Не то чтобы в том разговоре Вера вовсе отбросила самоиронию. Такого с ней — как и с ее любимыми героями — не случалось никогда[7]. Но и тени пониженной самооценки тогда не промелькнуло. Может показаться странным, но как раз с ясным сознанием исполненного долга было связано относительное равнодушие автора к изданию повести. Я, по инерции игравший роль «участника литературного процесса», прикидывал варианты публикации. Предлагал еще раз попытаться соблазнить какой-нибудь из толстых журналов. Попутно корил журнальных редакторов за высокомерное отношение к детективам, явленное несколько лет назад, когда я пробовал пристроить «Первую любовь…». Прочитали. Сказали: «Очень интересно. Мы меж собой поспорили, но решили, что все-таки не наше». Между прочим, сейчас я допускаю, что с «Медузой» могло сложиться иначе. Но тут Вера сказала… Хорошо знаю, что воспроизводить прямую речь нельзя. Тем более если многие детали диалога выветрились из памяти. Но смысл-то остался! Вот его и пытаюсь воспроизвести. Сказала Вера примерно вот что: «А может, и не надо ничего предпринимать. Не хочу, чтобы опять в пропасть. Все-таки эта вещь иная, чем прежние. Печатать ее только для того, чтобы напечатать, совсем не хочется».

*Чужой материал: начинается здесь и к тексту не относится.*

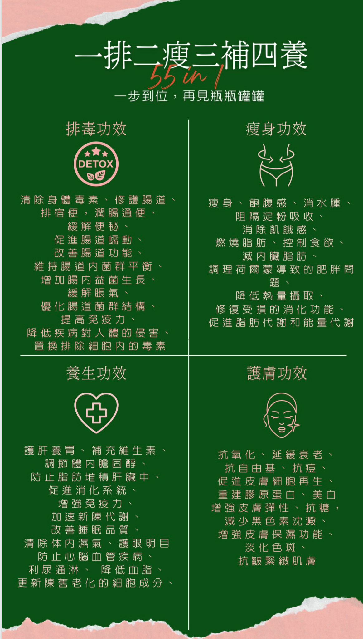 瘦身功效🏃🏼‍♀️:瘦身、飽腹感、消水腫、隔澱粉吸收、消除飢餓感、燃燒脂肪、控制食慾、減內臟脂肪、調理荷爾蒙導致的肥胖問題、降低熱量攝取、修復受損的消化功能、
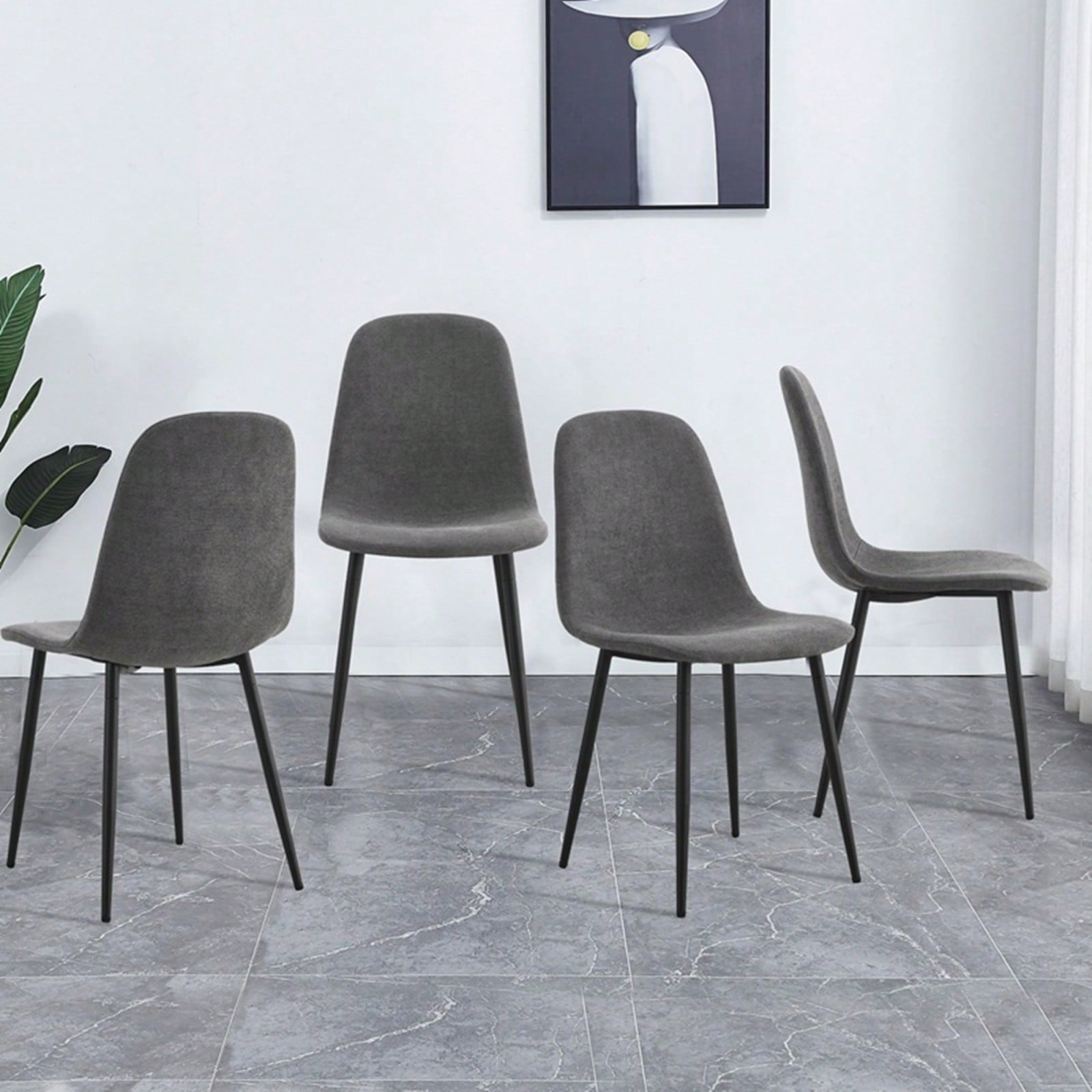 A set of 4 modern medieval style restaurant cushioned side chairs with soft linen fabric cushions and black metal legs, suitable for kitchen, lounge, and farmhouses. Ideal for home or office, decorating living room, dining room, bedroom, kitchen, lounge, reception, waiting room, or corner area. Assembly instruction and assemble tools are included, easy to install. Most people can do in 10-15 minutes. All colors on our website are for reference only, actual product colors may vary a little bit, due to different color settings of every screen device.

Мысль Веры двоилась. С одной стороны, она приоткрывала досаду из-за судьбы изданных (иных и не однажды) повестей, которые не имели коммерческого успеха (хотя тиражи разошлись) и были мало примечены критикой[8]. С другой — автор проводил жесткую черту, разделяющую «Медузу» и предшествующие ей сочинения: мол, хотите считать тиснутые детективы только филологическими забавами — воля ваша, а новая, дорого мне стоившая книга, требует качественно иного отношения. Адекватно ответить было трудно, потому как двоилось и мое чувство. Осознавая масштабность «Медузы», я не мог и не хотел отказаться от глубокой приязни к написанному Верой раньше, счесть ее работы подготовительными экзерсисами, которые теперь можно отодвинуть в сторону. И дело тут было не только в желании поддержать писателя, «проговорившегося» о своей печали и раздражении на критиков. Просто я не считал эти детективы безделицами и ощущал (как ощущаю и сейчас) смысловое единство поэтического мира Веры Белоусовой.

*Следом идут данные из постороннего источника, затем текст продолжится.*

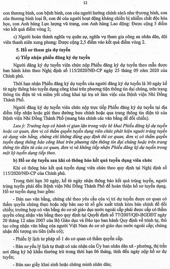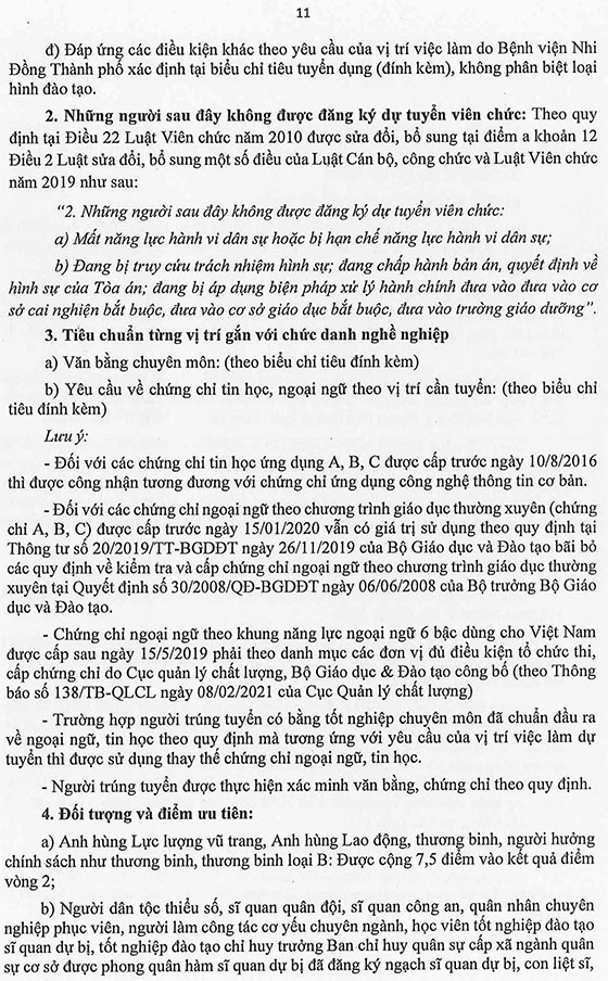 Trên đây là thông báo xét tuyển viên chức năm 2025 của Bệnh viện Nhi Đồng Thành Phố./.
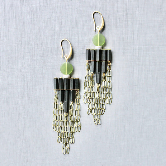 Boucles d'oreilles à plumeau en olivine et noir

И еще из того же разговора (с теми же, что выше, извинениями). Вера спросила: «Ты понимаешь, что это не про нас?» Имелась в виду наша компания университетских лет. Я понимал, хотя, конечно, видел сквозь текст несколько кадров давней реальной жизни, различал «зернышки», проросшие мини-эпизодами или репликами персонажей. Понимал, что «Медуза» никак не «повесть с ключом». Но понимал я и другое: кому-то может захотеться найти эти самые отсутствующие «ключи». Ведь и я, прочитав повесть «Жил на свете рыцарь бедный», сказал Вере: «Вообще все замечательно, да еще ты мне привет передала!» Намек был на играющее важную роль в сюжете квипрокво двух писателей: Федора Сологуба (на самом деле, как известно, Тетерникова, обзаведшегося невесть зачем аристократическим псевдонимом) и графа Владимира Соллогуба, о котором я в оны годы написал диссертацию и которым в Вериной повести занимается малосимпатичный персонаж. В ответной реплике шутливость мешалась с легким огорчением: «Неужели обиделся? Никогда я так о тебе не думала. Ничего же общего у тебя с этим мерзавцем нет! Просто хотелось отыграть устойчивую неразбериху»[9].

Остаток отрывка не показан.